This looks amazing! My fiance doesn’t like apple pie (I know…. How is that possible) except, apparently, the apple pie his grandmother made.she made a cream Dutch apple pie. I am going to make this, hopefully you it’s as good as hers!! But I do have a question…. It is Tuesday and I would like this for Thanksgiving. Will it still be as yummy in two days? Thanks so much!
Hi Jessica, I would only recommend making it 1 day in advance for the best flavor!
Did you use a regular 9″ pie plate or a deep dish pie plate? I had a deep dish one I wanted to use for Thanksgiving, but wasnt sure if/how to adapt the recipe.
Hi Diane, I used a regular 9″ pie late. The recipe probably won’t need much altering; it just won’t be as high of a pie.
Can the crust be baked the day before?
Hi Katie, I think baking the crust the day before would be just fine. Enjoy the pie!
Thanks! It’s in the oven now. I’m so excited for this recipe! When you say quarter the apple and then slice crosswise, does that mean you will then get 8 pieces of apple from one whole apple? Or will their be more? Sorry I’m a little confused
Hi Katie, No, you will get way more than that. You’re slicing them crosswise into ¼-inch thick slices. So, you will have a ton of sliced apples!
My mom and i are enjoying looking at your recipes and she wants me to make this Dutch Apple for sure for Thanksgiving. Do you make this with the pie crust in the recipe or do you use the one with vodka? Thanks.
HI Kathy, I now make it with the vodka crust, but either one will work!

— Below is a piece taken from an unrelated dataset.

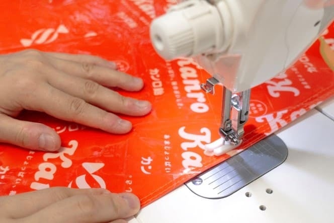 グッズのベース部分は職人が一つひとつ手作業で廃棄包材を分解し、シート状にして丁寧に縫い上げます。バッグやサコッシュは中身が取り出しやすいように裏生地を付けてシートに厚みを持たせ、ペンケースは逆にパッケージの透かしを活かすなど、アイテムによって質感が異なる点もこだわりポイント。さらに同じグッズでも包材のどの部分が使われるのか柄の配置が異なるため、世界でひとつだけのアップサイクルグッズとしてお手元にお届けします。
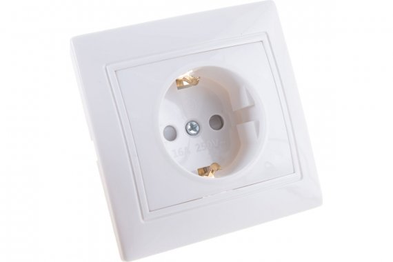 Розетка 1-местная с заземлением 16А белая с защ. штор. Венера (SBE-01w-16-S1-1Z)

Went apple picking this weekend so I had to make this recipe and it turned out great!! The pie crust was flaky and the filling was the perfect consistency! I ended up not using pie weights and my crust turned out fine; I just baked it for 30 min uncovered. Will definitely make again, this recipe is definitely a winner!
Wow! This apple pie looks so good! Thanks for sharing! :D
I am a baker and specialize in pies….I must tell you your pie looks so delicious that I must try it!!
Looks delicious!! Can this be made a day ahead? Would you store it in the fridge or on the counter. What about freezing? Thanks!
Hi Sarah, Yes, this can be made a day in advance (I do this all the time). You can just leave it on the counter!
Have anyone even made this recipe? I only see comments about how great it looks. I followed the recipe to a tee and my pie crust still was all poofy despite the weights and after I made the sauce, I decided against it, seems it would make the whole thing too soupy. Ten minutes for the topping wasn’t enough! I had to double the time. I’m disappointed!! Lots of work for crappy results!
Hi Heather, There are tons of comments from readers who have made this recipe already. I’m sorry that this recipe didn’t work for you.
This looks amazing! Once you cook the apples and put them in the pie crust, add the topping, it only bakes for 20-30 minutes? I’m used to apple pies baking for longer, just want to make sure I do it correctly!
ps. your blog is my go-to for most recipes, so thank you!!
Hi Sarah, Yes, that’s all it takes since you cook the apples on the stove before it goes into the oven. Enjoy!
I agree that this is the best pie ever! I’m curious about how it was adapted from the Cooks Illustrated recipe as it looks like a carbon copy. Having said that, I appreciate the access to the recipe as I have lost my copy over the years and Cooks Illustrated charges an arm and a leg for online recipes these days! Thanks!
This pie looks fabulous, but I do have a question. Does it set up okay, despite not having any thickener in the filing? From the pictures it looks like it does, but I want to check before making it! Thanks.
Hi Charlotte, It does! It doesn’t run at all.
I make a French apple with thinly sliced Granny Smith and similar crumb topping which is my signature pie but yout Dutch Apple loos too good not to try. Thanks for sharing!
7 tablespoons of butter for the topping? I ended up with a glob. Is this correct?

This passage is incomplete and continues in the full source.